Out of 6057 loci, 5844 loci on 21 chromosomes were used to detect which genomic region of the three geographical groups can be traced back to the two landrace groups. As a result, genomes of the three geographical groups showed differently patterned mosaics coming from the two landrace groups (Figure 5e–i). For example, the Landrace1 group contributed more loci with the same genotype to the pure Hebei group in chromosomes 1B, 3B, 5B, 5D, and 7A (Figure 5h), while Landrace2 group contributed more loci with the same genotype to the pure Henan group in chromosomes 1B, 2D, 4D, and 5D (Figure 5h) and the pure Shandong group in chromosomes 1A and 3A (Figure 5i). These results also indicated that the two landrace groups had inconsistent contribution to the distribution of genome on 21 chromosomes in the three geographical populations.

4. Discussion

4.1. Genetically Related Chinese Modern Wheat Breeding Lines Have Close Geographical Origins

Domesticated crops will be confronted with acute adaptive challenges when transferred from their domestication centers to new latitudes [45]. Wheat has spread to a wide range of climates, where the environment can affect genetic selection to result in genetic variations [18]. Based on both population structure analysis and PCA, our population genetics analysis results demonstrated that most genetically related Chinese wheat modern breeding lines tend to have close geographical origins (Figure 3C and Figure 4B), which is similar to the findings in a previous study of bread wheat landraces [8,10]. This phenomenon may be a result of the difference in the adaptability of bread wheat to different latitudes, temperature, and precipitation. However, the PCA scatter plot (Figure 4B) shows that some wheat accessions from the three populations (NW, HH1, and HH2) did not show great genetic distance from each other and even exhibited highly similar genetic components. One possible explanation is that these three regions are geographically close with a narrow span of latitude, and it is relatively easy to improve the yield performance through the introduction and hybridization of cross-regional wheat varieties. This will lead to similar genetic components in some accessions from different regions. Actually, a previous study has indicated that the genetic distance of wheat landraces between the Tibetan plateau and northwestern China is not very great, possibly because the two zones are geographically close [10].
Environmental factors, including altitude, frost-free days, annual sunlight, temperature, precipitation, and soil type, may have driven the regional/local genetic divergence and altered the genetic diversity of landrace wheat, wild emmer wheat, and wild barley [10,39,46,47]. Artificial selection has been confirmed to be a major force shaping the population structure of wheat germplasm [3,14,48,49]. In modern wheat breeding lines, the genetic architecture of agronomic traits is shaped by the interaction between long-term artificial directional selection and early population genetic structure [50,51]. Studying the population structure and genetic diversity is critical for the genetic mapping of traits such as grain yield, quality, and micronutrient content [30]. A hypothesis was proposed that compared with the A and B sub-genomes, only a small Aegilops tauschii population genetically contributed the D sub-genome of hexaploid wheat, thereby causing lower nucleotide diversity and divergence frequency in the D sub-genome [1,6,10,27]. Besides the initial population size, artificial selection can also greatly shape the genetic diversity of the population. Our results clearly demonstrated that the genetic diversity (π and MAF) decreases with the advancement of wheat breeding (Table 1), possibly because during the breeding process, the effective population size of the parents is declining, and breeders only focus on a few traits for directed selection. However, the very small intervals in the groups ‘2000–2009′ and ‘after 2009′ might cause a bias in the genetic diversity assessment of the two groups because many parents of varieties within the groups might be closely related to each other. The decline of genetic diversity often results in the deletion of genes for some key traits in modern breeding lines. Therefore, it is necessary to integrate some landraces and early breeding lines carrying excellent traits for the breeding of modern wheat lines in the future [52].
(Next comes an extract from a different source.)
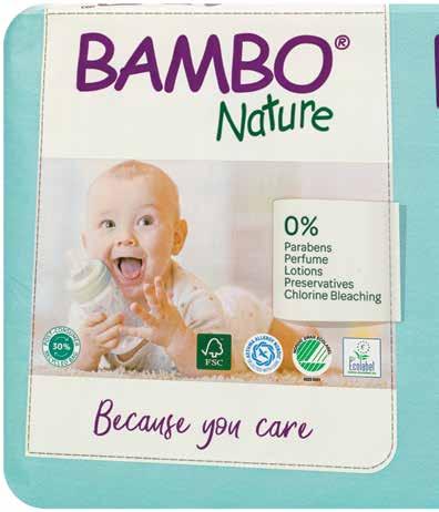 30 g, 26,33 Eur/kg Drėgnosios servetėlės BAMBO NATURE 80 vnt., 0,04 Eur/vnt. Sauskelnėms BAMBO NATURE 7 rūšių

4.2. Modern Wheat Breeding Lines Have Mosaic Genomic Regions Derived from Different Landrace Groups

Although very few landraces are used as parents for hybridization in modern wheat breeding programs due to their undesirable plant height and yield, it does not mean that landraces have no genetic contribution to modern breeding lines. At present, research on the population genomics of wheat landraces has been mainly focused on genetic differentiation with modern breeding lines and searching for artificially selected genomic regions [2,10,14,53,54]. For instance, a study has indicated that about 6.7% of the wheat genome falls within the selective sweeps between landraces and cultivars [55]. The allelic erosion and a diversity bottleneck can be inferred through comparative genomics between landraces and modern breeding lines [2]. Just like the findings in maize and soybean [56,57], some artificially selected genomic regions contain the functional genes or loci that regulate known phenotypes for disease resistance, vernalization, quality, adaptability, and yield-related traits [2,55,58]. However, there have been few reports about the genomic relation between landraces and modern breeding lines.
According to the inference of ancestry informative markers, 2353 out of the 6057 loci shared the same genotypes in the Landrace1 group and the pure Hebei group, while only 1720 and 1423 loci shared the same genotype between the Landrace1 group and the pure Henan group and between the Landrace1 group and the pure Shandong group, respectively (Table 3). These results suggest that the Landrace1 group contributes more to the genetic composition of modern breeding lines from Hebei province. The Landrace2 group shared more loci with the same genotype with the pure Henan (4337) and Shandong (4634) groups but fewer loci with the pure Hebei group (3704) (Table 3), indicating that the Landrace2 group contributes more to the genetic composition of modern breeding lines from Henan and Shandong. Those missenses which were stop gained and stop retained variants shared by landrace-cultivar groups might show evolutionary benefits in the process of wheat domestication, while other variants such as intergenic region SNPs might result from the rearrangement of repetitive elements (Table S2). Furthermore, genomes of the three geographical groups showed differently patterned mosaics of the genomes derived from the two landrace groups (Figure 5e–i). In barley, Dai et al. [42] indicated that wild barley of the Fertile Crescent contributes more genomic regions to the genome of cultivated barley in chromosomes 1H, 2H, and 3H, while wild barley of Tibet contributes more genomic regions in chromosomes 4H, 5H, 6H, and 7H. In addition, Zhou et al. [39] reported that wild barley of Tibet genetically contributes more to cultivated barley of China than wild barley from the Fertile Crescent. Wheat landraces are highly valuable genetic and breeding resources. A better understanding of their relationship with modern breeding lines can help develop strategies to target novel elite alleles for future wheat breeding [2].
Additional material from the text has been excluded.